Instinctively, you might think your quality of sleep, or your pet’s behaviour may be affected by sleeping on the bed every night. Recent studies have shown it doesn’t necessarily negatively affect your quality of sleep, and sleep health expert Martin Reed said if it works for you, then carry on:

“If you are happy sleeping with your pet, there is no reason to stop. However, if you find sleep difficult, you may want to try sleeping without your pet for a week or two to see if that has any effect on your sleep. You can always start by not allowing them on the bed, and then progress to not allowing them in the bedroom.”

We also spoke to certified dog trainer Kristi Benson, who said dogs won’t develop any behavioural issues as a result of sleeping on the bed:

“You may have been told that allowing a dog on the bed will make the dog dominant, or cause jealousy issues between the dog and the people.”

“Luckily for these people and their dogs, modern dog training has consigned all those ideas to the waste bin. Dogs sleeping on the bed are not gaining any status in the relationship or likely to develop worrisome behaviour problems from it”

Pets make for better mental health

We also asked pet owners if they thought that their cat or dog had a positive impact on their stress levels, to which 77% agreed.

Again, the science is out there when looking for an explanation. A 2015 study in Japan found that a hormone associated with human bonding and love also applies to interactions with your pet dog. Levels of Oxycontin were found to increase in both humans and dogs when engaging in 30 minutes of eye contact.

The affection we get from pets can have a powerful affect on our mental health, as Dr. Kelly Kandra Hughes confirmed:

“In order to meet our highest potential, humans' more basic needs of safety and belonging/love need to be met.

“Having a pet is like a two-for-one with our lower needs -- they provide us with unconditional love and companionship and help us feel more secure in our living situations.”

Pet ownership is also good for our physical health – particularly if you have a dog.
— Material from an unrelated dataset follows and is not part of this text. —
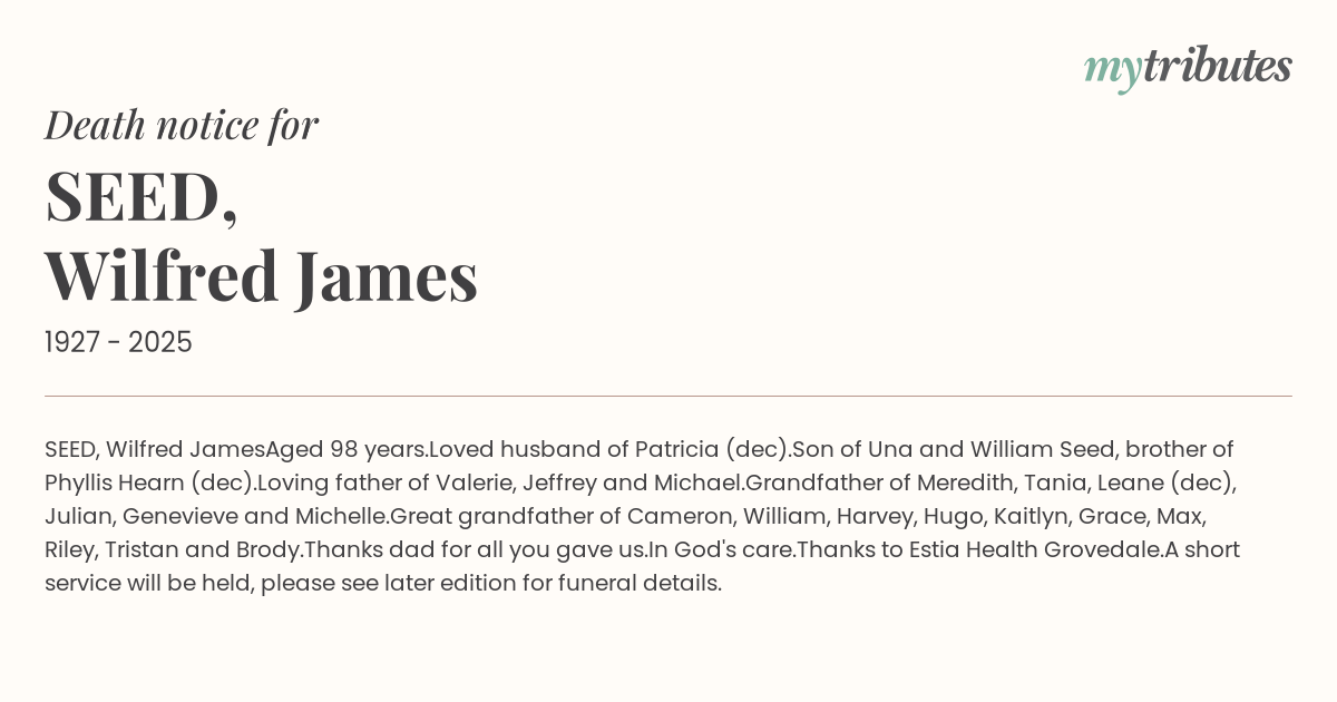 Son of Una and William Seed, brother of Phyllis Hearn (dec).

Due to the increase in exercise you inevitably get from walking a dog, canine ownership has been linked to a reduction in your risk of cardiovascular disease.

But pets still know how to embarrass us

Despite the raft of benefits pets bring to our lives, they can still be more than a little troublesome around the home. We asked respondents to tell us the most embarrassing or naughtiest thing their pet has done, and pet owners across the country will recognise the list of misdemeanours well.
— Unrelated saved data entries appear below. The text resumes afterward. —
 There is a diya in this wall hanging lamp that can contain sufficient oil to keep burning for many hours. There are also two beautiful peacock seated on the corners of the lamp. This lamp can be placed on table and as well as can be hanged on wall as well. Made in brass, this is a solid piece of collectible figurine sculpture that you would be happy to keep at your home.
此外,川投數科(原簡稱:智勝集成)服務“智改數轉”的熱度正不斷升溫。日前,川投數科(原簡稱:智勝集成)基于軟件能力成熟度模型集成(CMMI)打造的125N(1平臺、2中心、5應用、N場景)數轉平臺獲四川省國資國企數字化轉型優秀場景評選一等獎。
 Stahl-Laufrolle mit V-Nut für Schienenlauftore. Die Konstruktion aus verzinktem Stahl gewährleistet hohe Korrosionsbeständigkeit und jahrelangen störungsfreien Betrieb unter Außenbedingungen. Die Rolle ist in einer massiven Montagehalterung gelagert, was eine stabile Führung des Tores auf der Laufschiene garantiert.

The top two are classics when it comes to pet misbehaviour. 31% of pet owners have found their beloved pet pooch eating without permission or weeing indoors.

Other common areas for disobedience occur when guests come to town. Whilst 15% of pets have eaten a guests food, and 10% have chewed on their shoes, 16% have committed quite possibly the most embarrassing of acts on their guests – by humping their leg.